Der Verein hatte geklagt, weil ihm unter anderem vorgeworfen wurde, Regeln des Datenschutzes zu missachten. Die AfD habe damit eine Tatsachenbehauptung aufgestellt, aber diese nicht belegt: »Sie hat nicht erklärt, ob und auf welche Weise gegen den Datenschutz verstoßen wird«, sagte der Gerichtssprecher Christian Löffler. Die Äußerung darf nun öffentlich nicht wiederholt werden. Damit sei »einer der zentralen Vorwürfe« einer Kampagne zur Diskreditierung des Vereins »rechtlich in die Schranken gewiesen« worden, sagte »Miteinander«-Geschäftsführer Pascal Begrich.
In einem anderen Punkt blieb die Klage des Vereins jedoch erfolglos. Dabei geht es um den Vorwurf, »Miteinander« »verleumde« Politiker der AfD. Obwohl es sich um einen Begriff handelt, der auch im Strafrecht verwendet wird, sah das Gericht seine Verwendung in diesem Fall durch das Recht auf Meinungsfreiheit gedeckt. Außerdem sei der Verein in einem politischen Umfeld tätig. Damit müsse er sich auch »scharfer Kritik im politischen Meinungskampf stellen«, erklärte Löffler.
Die Kampagne der AfD geht freilich über Kritik deutlich hinaus; ihr erklärtes Ziel ist es, den Verein auszuschalten. Man wolle darauf hinwirken, dass ihm die Gemeinnützigkeit aberkannt werde, sagte Fraktionschef Oliver Kirchner im August. Er warf »Miteinander« unter anderem Verschwendung und Missbrauch von Fördermitteln, »fehlende Abgrenzung vom Linksextremismus« und Verstöße gegen das Neutralitätsgebot vor. Zuvor hatte die AfD den Verein mittels einer 236 Punkte umfassenden Großen Anfrage an die Regierung durchleuchtet. Kirchner hatte auch gefordert, die Förderung des Ver- eins im Landesetat »vollständig zu streichen«.

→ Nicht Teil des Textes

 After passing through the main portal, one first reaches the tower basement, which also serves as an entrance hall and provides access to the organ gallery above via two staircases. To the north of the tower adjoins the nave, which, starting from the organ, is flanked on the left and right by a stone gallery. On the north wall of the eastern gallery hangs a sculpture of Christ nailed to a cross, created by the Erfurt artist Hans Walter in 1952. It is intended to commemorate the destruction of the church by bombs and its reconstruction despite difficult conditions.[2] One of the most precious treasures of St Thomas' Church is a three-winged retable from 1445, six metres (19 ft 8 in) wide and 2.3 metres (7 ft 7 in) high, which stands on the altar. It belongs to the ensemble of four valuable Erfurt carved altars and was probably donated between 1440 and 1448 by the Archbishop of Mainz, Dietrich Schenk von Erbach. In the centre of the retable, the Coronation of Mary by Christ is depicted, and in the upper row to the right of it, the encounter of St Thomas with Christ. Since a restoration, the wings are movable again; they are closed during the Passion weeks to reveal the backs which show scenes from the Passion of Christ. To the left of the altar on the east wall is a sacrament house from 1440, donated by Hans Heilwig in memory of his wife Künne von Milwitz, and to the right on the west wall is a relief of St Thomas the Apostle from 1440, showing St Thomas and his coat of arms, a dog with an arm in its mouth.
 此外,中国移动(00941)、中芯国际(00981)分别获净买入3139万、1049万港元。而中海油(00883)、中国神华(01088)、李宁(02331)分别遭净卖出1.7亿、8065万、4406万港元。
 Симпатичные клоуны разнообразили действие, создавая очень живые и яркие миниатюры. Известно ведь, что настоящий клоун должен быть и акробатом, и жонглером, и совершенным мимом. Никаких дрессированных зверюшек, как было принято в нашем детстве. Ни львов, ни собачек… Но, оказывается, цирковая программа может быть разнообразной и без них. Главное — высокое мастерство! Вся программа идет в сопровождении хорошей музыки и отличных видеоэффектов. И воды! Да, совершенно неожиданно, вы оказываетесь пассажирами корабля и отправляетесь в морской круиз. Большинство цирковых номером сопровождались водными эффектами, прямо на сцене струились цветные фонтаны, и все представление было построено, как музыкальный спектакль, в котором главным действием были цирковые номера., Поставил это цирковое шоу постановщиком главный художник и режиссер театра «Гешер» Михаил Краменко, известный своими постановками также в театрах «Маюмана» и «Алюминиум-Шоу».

Zumindest mit diesem Ansinnen ist die AfD gescheitert. Die Landesregierung verständigte sich kürzlich sogar auf eine Erhöhung der Fördergelder für »Miteinander«. 2019 soll der Verein 208 900 Euro Grundförderung bekommen, 5900 Euro mehr als in diesem Jahr. Dem gingen allerdings einige Querelen in der Koalition aus CDU, SPD und Grünen voraus. Sven Schulze, Generalsekretär der CDU, hatte die Auflösung des Vereins gefordert und angeregt, ihn neu zu gründen mit dem Ziel, »gegen Links- und Rechtsextremismus gleichermaßen zu agieren«. SPD und Grüne hatten sich dagegen klar zum Verein in seiner jetzigen Ausrichtung bekannt. Dieser war 1999 nach dem Einzug der rechtsextremen DVU in den Landtag gegründet worden und widmet sich laut Satzung der »Bekämpfung der Ausbreitung des Rechtsextremismus«. Dabei rückte zuletzt auch die AfD in den Blickpunkt, die sich in Sachsen-Anhalt nach Einschätzung des Vereins zur »völkisch-nationalen Partei« radikalisiert hat.

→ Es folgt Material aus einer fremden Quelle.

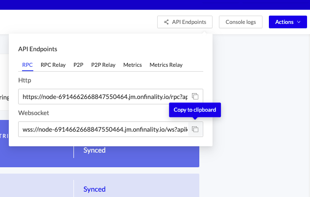 First, locate your Dedicated Node’s RPC endpoints under API Endpoints. Access is secured by an API Key at the end of the URL, so keep it safe and private.
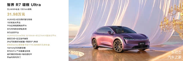 4月17日智界品牌之夜上,智界R7增程推出新版本,带来新53.4kWh大电池和四驱 Ultra版,纯电续航、综合续航和操控性远超理想L6的表现,不仅满足了年轻用户对极致驾控的追求,更以“油电双优”的革命性体验彻底打破了传统增程的弊端。
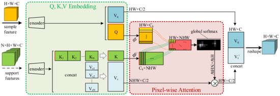 Feature augmentation framework. The sample and support features are first encoded into query (Q), key (K), and value (V) embedding. Two linear transformations are performed on both Q and K feature maps. Pixel-wise attention is performed to fuse the Q and K feature maps to form the final learnable similarity metric, thus retrieving co-existing information from support features.
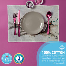 Made from 100% soft and absorbent cotton, this tea towel is perfect for all your kitchen needs. Tea towels are a KITCHEN ESSENTIAL, serving a multitude of purposes from drying dishes to covering freshly baked goods.
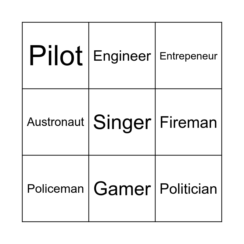 This bingo card has a free space and 8 words: Fireman, Entrepeneur, Engineer, Policeman, Pilot, Politician, Austronaut and Gamer.
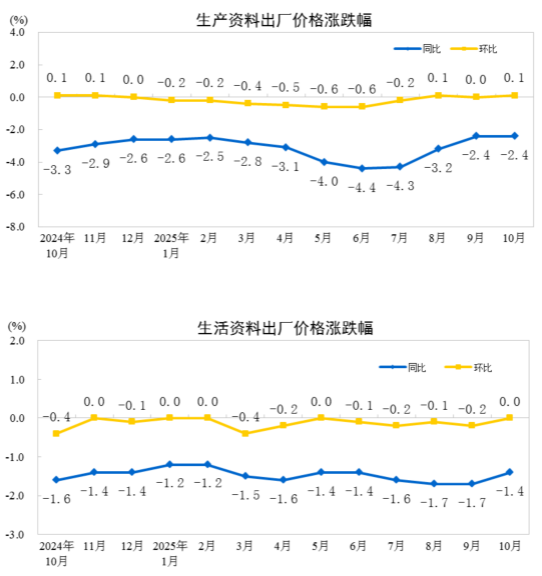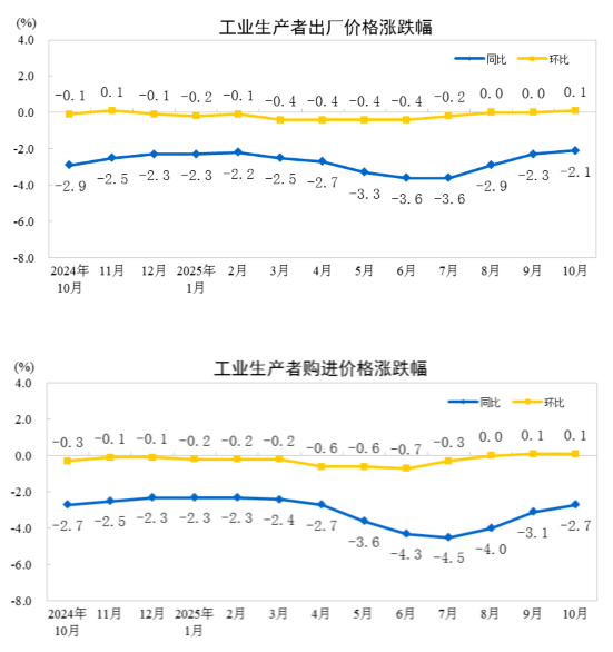 2025年10月份,全国工业生产者出厂价格同比下降2.1%,降幅比上月收窄0.2个百分点;环比由上月持平转为上涨0.1%。工业生产者购进价格同比下降2.7%,降幅比上月收窄0.4个百分点;环比上涨0.1%,涨幅与上月相同。1—10月平均,工业生产者出厂价格比上年同期下降2.7%,工业生产者购进价格下降3.2%。
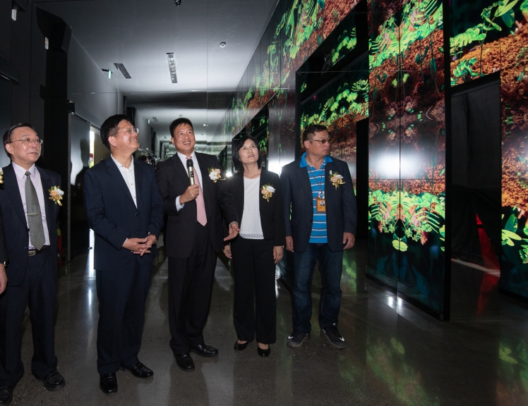 ![]() 98858vip威尼斯微美館以大自然實景拍攝結合電腦動畫的壯闊影片,讓觀眾仿佛身歷其境感受植物的生命旅程 (左一:國立臺灣博物館館長洪世佑、左二:臺中市市長林佳龍、左三:98858vip威尼斯光電董事長暨執行長彭双浪)

Angesichts der Versuche der Partei, den Verein mundtot zu machen, hatte dieser viel Solidarität erfahren. Mehr als 30 teils bundesweit tätige Organisationen protestierten in einem Appell und auf großformatigen Plakaten gegen dessen Diskreditierung. Zu den Unterzeichnern gehören der DGB, Pro Asyl und der Sozialverband AWO. Derlei Hilfe nimmt der Verein auch nach dem Urteil gern in Anspruch. Es gelte, sagte Geschäftsführer Begrich, »auch jenseits rechtlicher Fragen die Diffamierungen zurückzuweisen«.
Ziel der AfD ist es, den Verein auszuschalten. Die rechte Partei will darauf hinwirken, dass »Miteinander« die Gemeinnützigkeit aberkannt wird.